One of the big similarities though is that the heart and soul of the film is about a kid's coming of age through training, and discipline, and the emotional bonding between two unlikely individuals amidst this evolution.

Now before you start thinking that Jaden Smith and Jackie Chan are not up to the challenge of reprising roles originated by a seasoned Ralph Macchio and an Academy Award Nominated Pat Morita, be warned that Chan can act when he sets his mind to it, and Smith, as second generation Hollywood, is a splendid example of the apple not falling far from the tree, with acting blood on both sides his pedigree is only surpassed by his charm and natural ability to give a lot in his performance.

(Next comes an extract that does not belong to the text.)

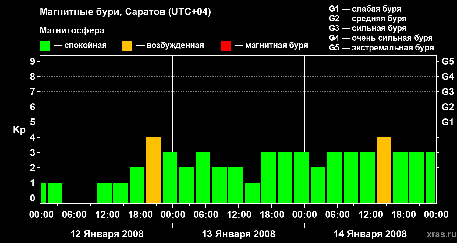 Изменения геомагнитного индекса Kp с 12 по 14 января 2008 года для средних широт

Of course you also have the commonality of the very adept at Kung Fu bullies, the girl (very different from our hero) young Dre makes a connection with, and the difference of the surprising but welcome assertion and concern of the mother of the kid (Taraji P. Henson), almost non-existent in the first film.

With the enrichment of the backdrop of the Chinese landscape and culture, paced by the winning performance of young Smith, and helped by the traditional Jackie Chan fun, hyper-action fight scene, this “Kung Fu Kid” is a better than good effort to live up to an original that is already a pop-culture icon.

This retelling had big shoes to fill and a steep hill to climb, but in its own way accomplished both by concentrating on what made the original work: the charm of these two characters coming together for their mutual benefit and enlightenment.